#### DIRECTIONS FOR THIS TASK:
Please reproduce the data exactly, though every picture must stay out.

··· GIVEN INFORMATION

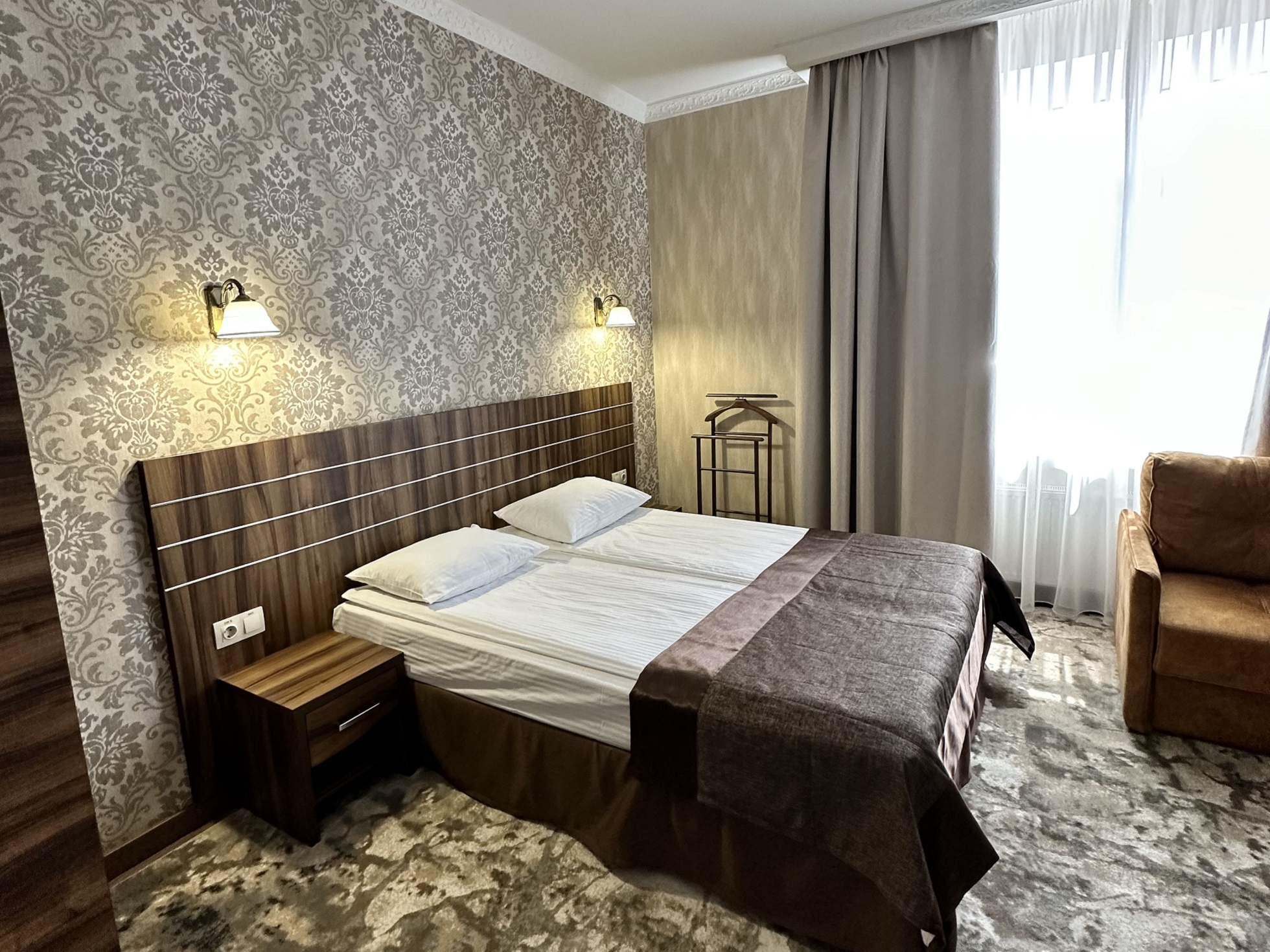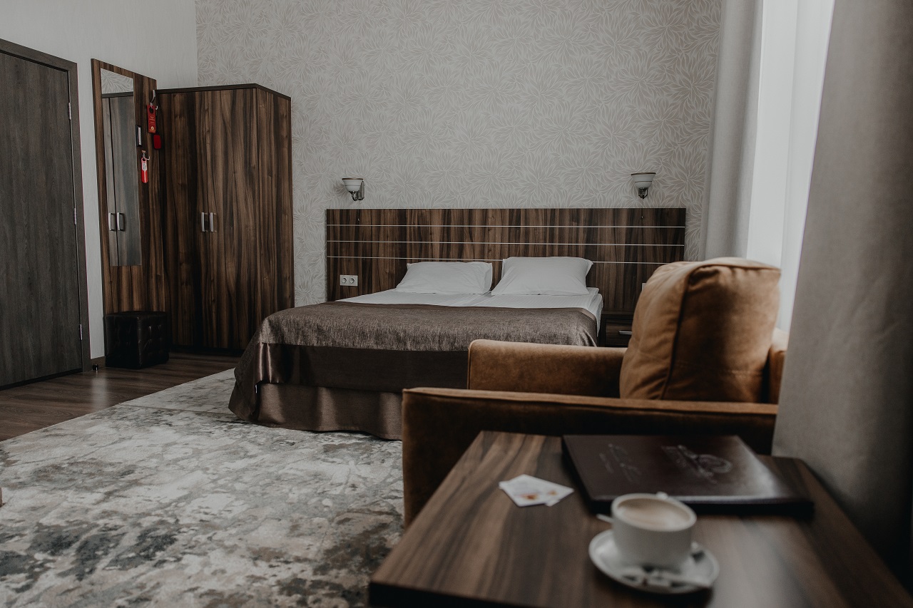Уютные и комфортные номера. Кресло с журнальным столиком создают удобное пространство для работы и досуга. Площадь номеров 25-28 м2
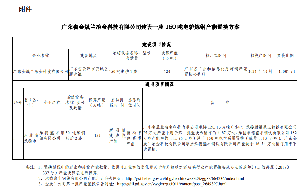 按照《国务院关于化解产能严重过剩矛盾的指导意见》(国发〔2013〕41号)、《国务院关于钢铁行业化解过剩产能实现脱困发展的意见》(国发〔2016〕6号)、《工业和信息化部关于印发钢铁行业产能置换实施办法的通知》(工信部原〔2021〕46号)和《工业和信息化部关于印发钢铁水泥玻璃(2629, -17.00, -0.64%)行业产能置换实施办法的通知》(工信部原〔2017〕337号)要求,经企业申请、云浮市工业和信息化主管部门初审、我厅审核并进行网上公示无异议,现将广东金晟兰冶金科技有限公司建设一座150吨电炉炼钢产能置换方案予以通告,欢迎社会公众进行监督。
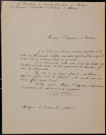 Il s’agit d’un courrier adressé le 3 décembre 1940 par Mme Morin, la directrice du Cours complémentaire de Mortagne-au-Perche à son Inspecteur d’Académie (Mollard). Les Cours complémentaires, dispensés dans le cadre des écoles primaires supérieures, accueillent les élèves qui, après le certificat d’études primaires (obtenu entre 11 et 13 ans), poursuivent leur scolarité mais ne souhaitent ou ne peuvent pas aller au lycée (payant). On y trouve les enfants des classes moyennes ; il correspond à peu près à notre collège d’aujourd'hui.
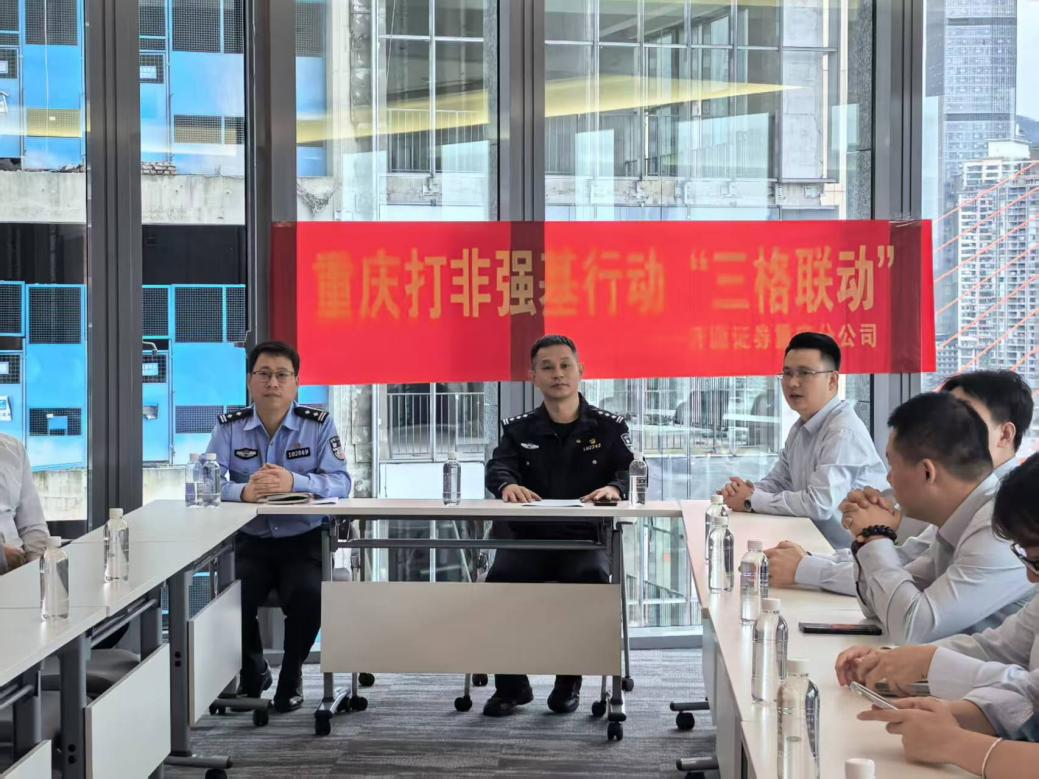 2025年10月21日,重庆市江北分局江北城派出所所长及民警代表一行,应开源证券重庆分公司邀请,前往分公司开展防非交流座谈。活动聚焦防非反诈、投资者权益保护、反洗钱等金融安全议题,旨在通过警企协作,提升风险防控能力,共同守护区域金融秩序。

······

#### RESPONSE AREA:
Уютные и комфортные номера. Кресло с журнальным столиком создают удобное пространство для работы и досуга. Площадь номеров 25-28 м2
 按照《国务院关于化解产能严重过剩矛盾的指导意见》(国发〔2013〕41号)、《国务院关于钢铁行业化解过剩产能实现脱困发展的意见》(国发〔2016〕6号)、《工业和信息化部关于印发钢铁行业产能置换实施办法的通知》(工信部原〔2021〕46号)和《工业和信息化部关于印发钢铁水泥玻璃(2629, -17.00, -0.64%)行业产能置换实施办法的通知》(工信部原〔2017〕337号)要求,经企业申请、云浮市工业和信息化主管部门初审、我厅审核并进行网上公示无异议,现将广东金晟兰冶金科技有限公司建设一座150吨电炉炼钢产能置换方案予以通告,欢迎社会公众进行监督。
 Il s’agit d’un courrier adressé le 3 décembre 1940 par Mme Morin, la directrice du Cours complémentaire de Mortagne-au-Perche à son Inspecteur d’Académie (Mollard). Les Cours complémentaires, dispensés dans le cadre des écoles primaires supérieures, accueillent les élèves qui, après le certificat d’études primaires (obtenu entre 11 et 13 ans), poursuivent leur scolarité mais ne souhaitent ou ne peuvent pas aller au lycée (payant). On y trouve les enfants des classes moyennes ; il correspond à peu près à notre collège d’aujourd'hui.
 2025年10月21日,重庆市江北分局江北城派出所所长及民警代表一行,应开源证券重庆分公司邀请,前往分公司开展防非交流座谈。活动聚焦防非反诈、投资者权益保护、反洗钱等金融安全议题,旨在通过警企协作,提升风险防控能力,共同守护区域金融秩序。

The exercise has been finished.